Your task: I would like the lines below, from the one with "Taxco Mexico Sterling" through the one with "Этот спортивный костюм", copied exactly and without any pictures.

──────────────────────────────

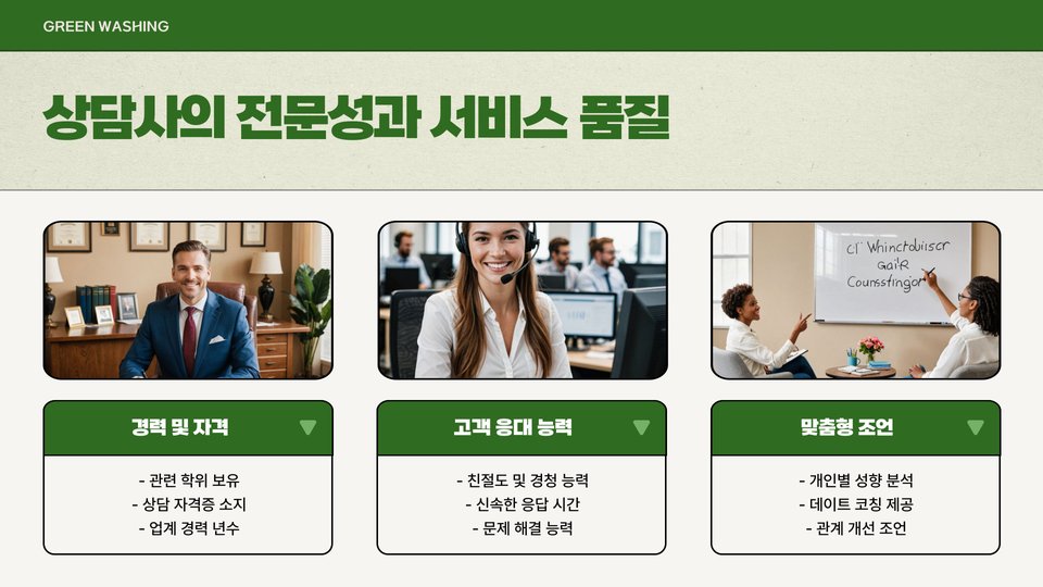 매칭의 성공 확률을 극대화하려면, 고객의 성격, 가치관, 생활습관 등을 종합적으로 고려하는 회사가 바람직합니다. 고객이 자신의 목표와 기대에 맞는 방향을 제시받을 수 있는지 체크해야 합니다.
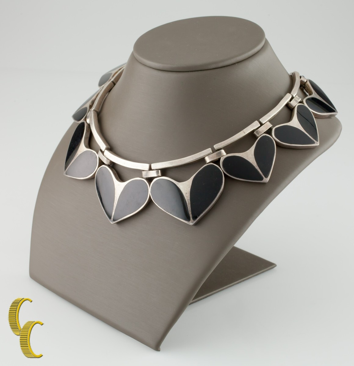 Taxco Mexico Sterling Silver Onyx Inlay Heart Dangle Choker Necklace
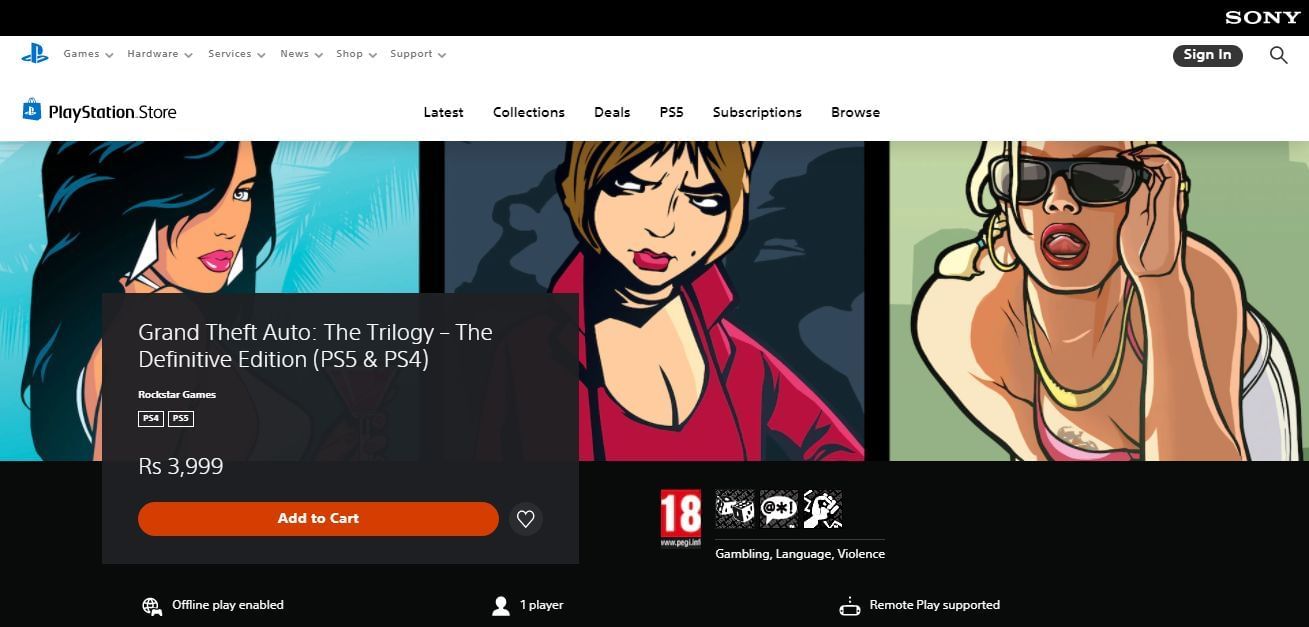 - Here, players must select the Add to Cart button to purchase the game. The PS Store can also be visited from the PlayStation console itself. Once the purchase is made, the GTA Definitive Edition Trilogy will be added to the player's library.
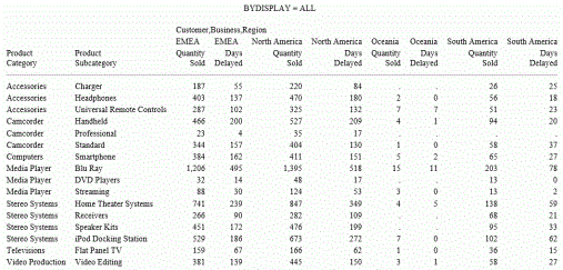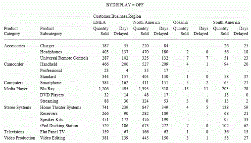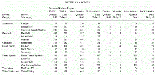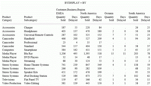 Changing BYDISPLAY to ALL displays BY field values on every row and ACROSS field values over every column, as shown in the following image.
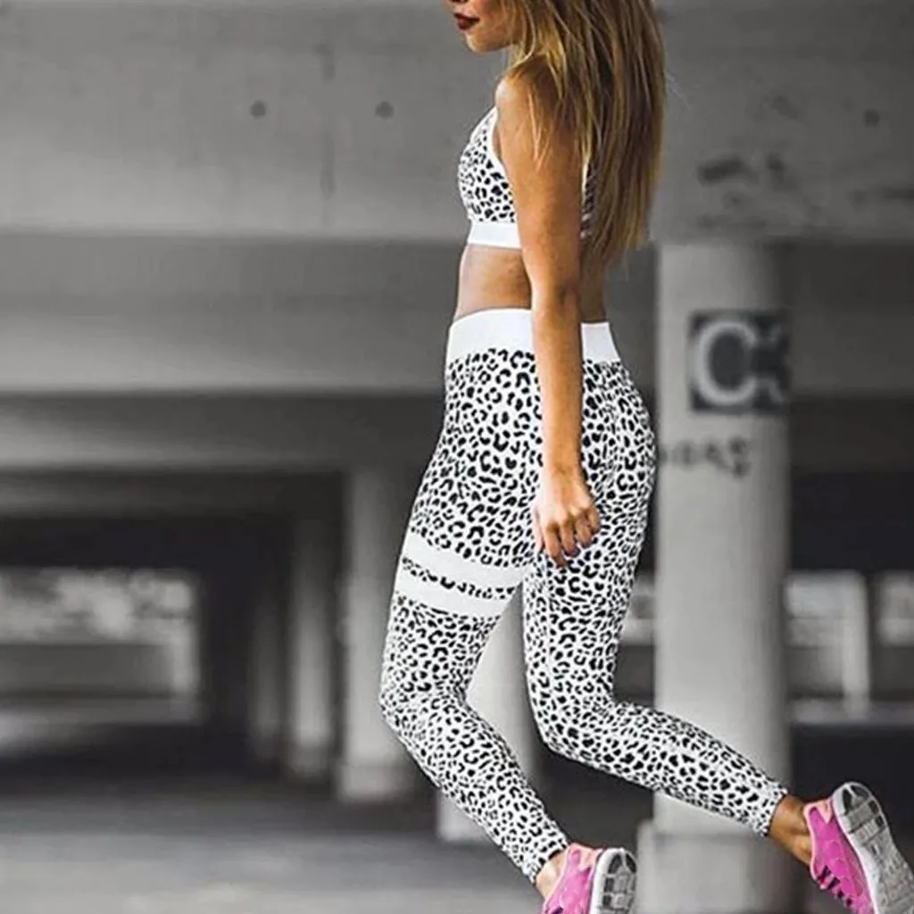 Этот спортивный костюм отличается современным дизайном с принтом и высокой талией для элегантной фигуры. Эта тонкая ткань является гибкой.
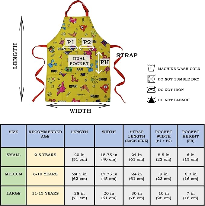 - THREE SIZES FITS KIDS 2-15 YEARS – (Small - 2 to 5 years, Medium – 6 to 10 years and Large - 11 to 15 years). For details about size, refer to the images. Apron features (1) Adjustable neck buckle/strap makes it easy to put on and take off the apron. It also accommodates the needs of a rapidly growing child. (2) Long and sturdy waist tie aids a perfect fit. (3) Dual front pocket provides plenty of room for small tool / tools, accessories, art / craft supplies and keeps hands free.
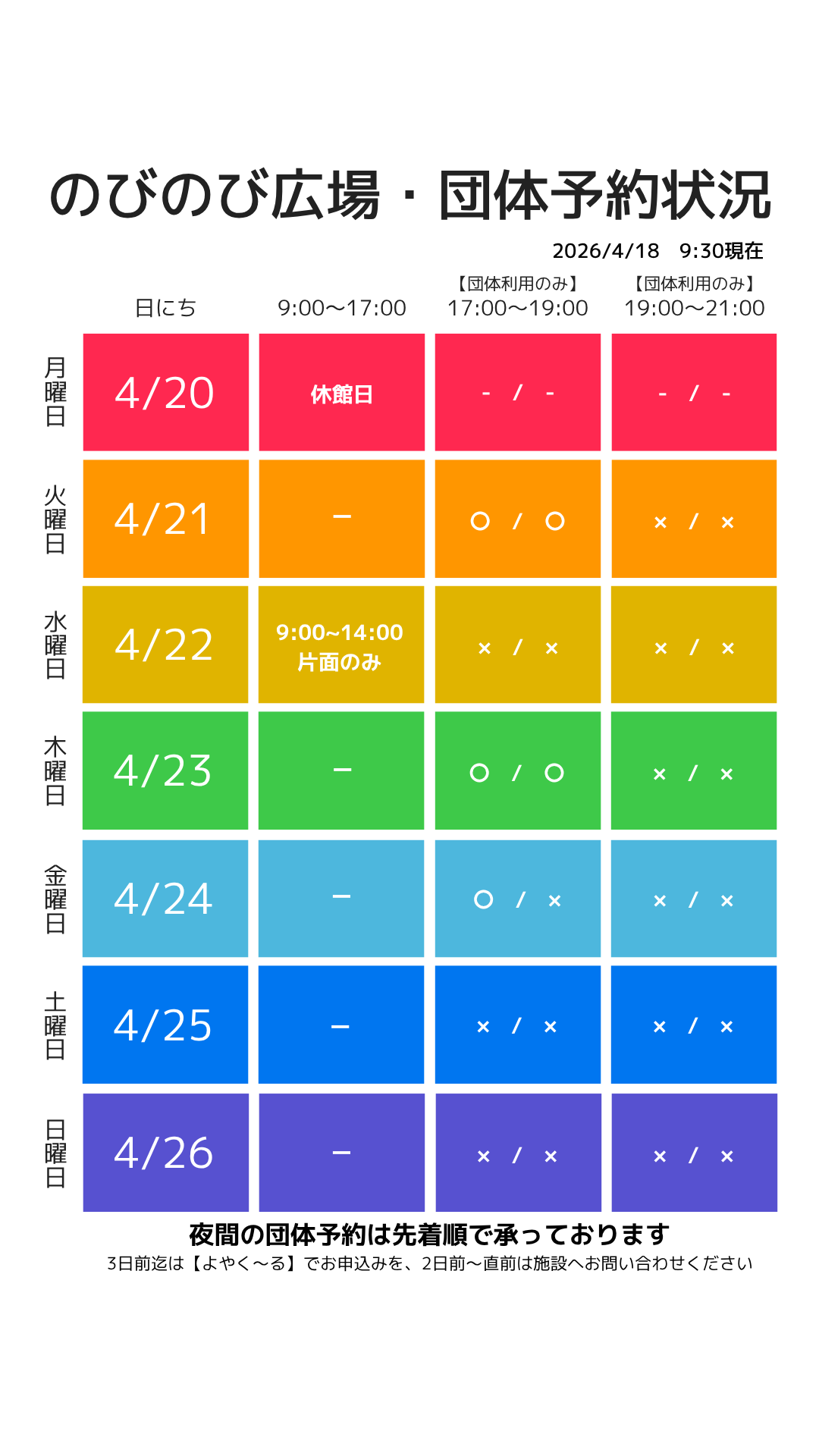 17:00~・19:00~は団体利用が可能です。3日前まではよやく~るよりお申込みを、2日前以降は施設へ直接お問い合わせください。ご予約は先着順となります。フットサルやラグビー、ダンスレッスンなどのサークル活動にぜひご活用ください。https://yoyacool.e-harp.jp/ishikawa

──────────────────────────────

Exercise answer:
 Taxco Mexico Sterling Silver Onyx Inlay Heart Dangle Choker Necklace
 - Here, players must select the Add to Cart button to purchase the game. The PS Store can also be visited from the PlayStation console itself. Once the purchase is made, the GTA Definitive Edition Trilogy will be added to the player's library.
 Changing BYDISPLAY to ALL displays BY field values on every row and ACROSS field values over every column, as shown in the following image.
 Этот спортивный костюм отличается современным дизайном с принтом и высокой талией для элегантной фигуры. Эта тонкая ткань является гибкой.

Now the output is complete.